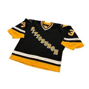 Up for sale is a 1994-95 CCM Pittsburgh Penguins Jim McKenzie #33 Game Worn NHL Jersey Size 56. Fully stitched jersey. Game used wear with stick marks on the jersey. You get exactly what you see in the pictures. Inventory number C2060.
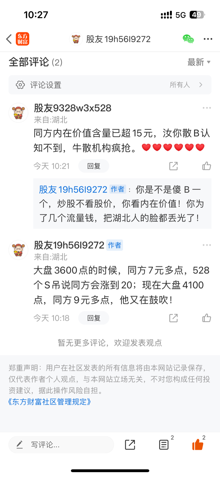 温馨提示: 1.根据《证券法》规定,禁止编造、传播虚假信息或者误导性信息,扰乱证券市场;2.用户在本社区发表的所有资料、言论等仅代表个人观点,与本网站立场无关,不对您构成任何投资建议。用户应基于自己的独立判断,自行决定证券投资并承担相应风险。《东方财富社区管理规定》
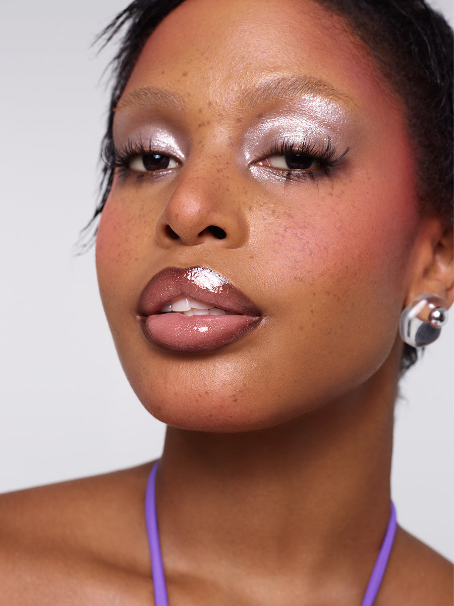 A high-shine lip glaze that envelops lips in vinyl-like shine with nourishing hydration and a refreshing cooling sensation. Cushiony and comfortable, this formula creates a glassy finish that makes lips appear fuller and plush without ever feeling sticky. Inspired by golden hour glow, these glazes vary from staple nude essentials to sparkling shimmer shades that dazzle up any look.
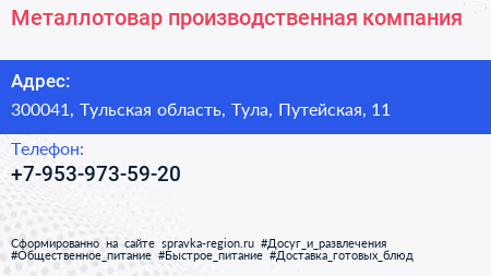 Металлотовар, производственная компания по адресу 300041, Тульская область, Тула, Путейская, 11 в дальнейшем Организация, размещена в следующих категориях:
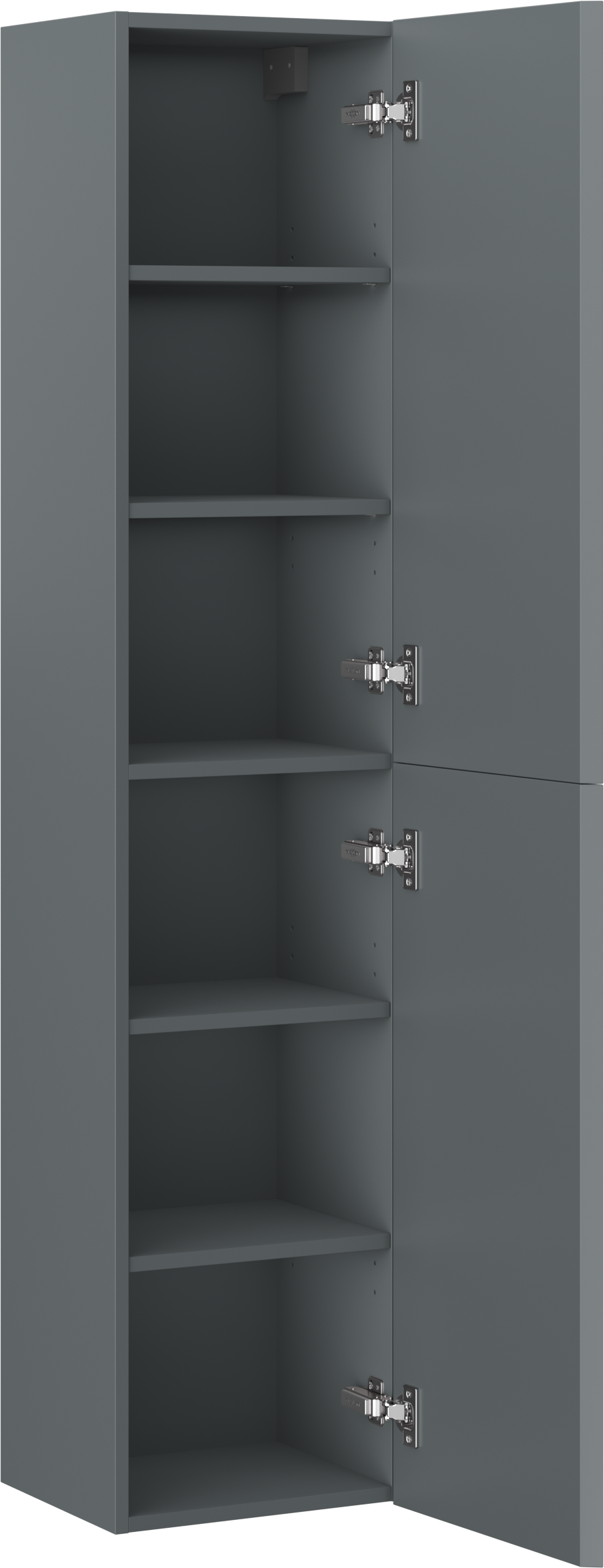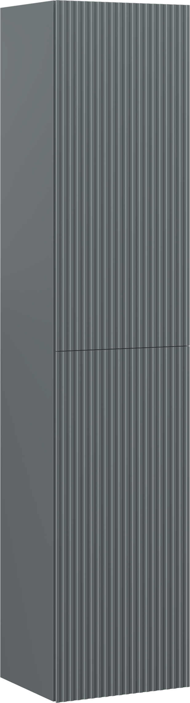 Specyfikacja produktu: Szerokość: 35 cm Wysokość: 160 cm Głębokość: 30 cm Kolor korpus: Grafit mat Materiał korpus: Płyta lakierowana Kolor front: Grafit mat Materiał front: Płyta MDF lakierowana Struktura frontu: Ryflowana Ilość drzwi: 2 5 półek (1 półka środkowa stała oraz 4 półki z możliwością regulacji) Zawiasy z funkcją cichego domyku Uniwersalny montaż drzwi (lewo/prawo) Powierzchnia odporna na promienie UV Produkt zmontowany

########

• **Action item**: Everything in the material except the pictures should be output verbatim.

• **Written solution**:
 Up for sale is a 1994-95 CCM Pittsburgh Penguins Jim McKenzie #33 Game Worn NHL Jersey Size 56. Fully stitched jersey. Game used wear with stick marks on the jersey. You get exactly what you see in the pictures. Inventory number C2060.
 温馨提示: 1.根据《证券法》规定,禁止编造、传播虚假信息或者误导性信息,扰乱证券市场;2.用户在本社区发表的所有资料、言论等仅代表个人观点,与本网站立场无关,不对您构成任何投资建议。用户应基于自己的独立判断,自行决定证券投资并承担相应风险。《东方财富社区管理规定》
 A high-shine lip glaze that envelops lips in vinyl-like shine with nourishing hydration and a refreshing cooling sensation. Cushiony and comfortable, this formula creates a glassy finish that makes lips appear fuller and plush without ever feeling sticky. Inspired by golden hour glow, these glazes vary from staple nude essentials to sparkling shimmer shades that dazzle up any look.
 Металлотовар, производственная компания по адресу 300041, Тульская область, Тула, Путейская, 11 в дальнейшем Организация, размещена в следующих категориях:
 Specyfikacja produktu: Szerokość: 35 cm Wysokość: 160 cm Głębokość: 30 cm Kolor korpus: Grafit mat Materiał korpus: Płyta lakierowana Kolor front: Grafit mat Materiał front: Płyta MDF lakierowana Struktura frontu: Ryflowana Ilość drzwi: 2 5 półek (1 półka środkowa stała oraz 4 półki z możliwością regulacji) Zawiasy z funkcją cichego domyku Uniwersalny montaż drzwi (lewo/prawo) Powierzchnia odporna na promienie UV Produkt zmontowany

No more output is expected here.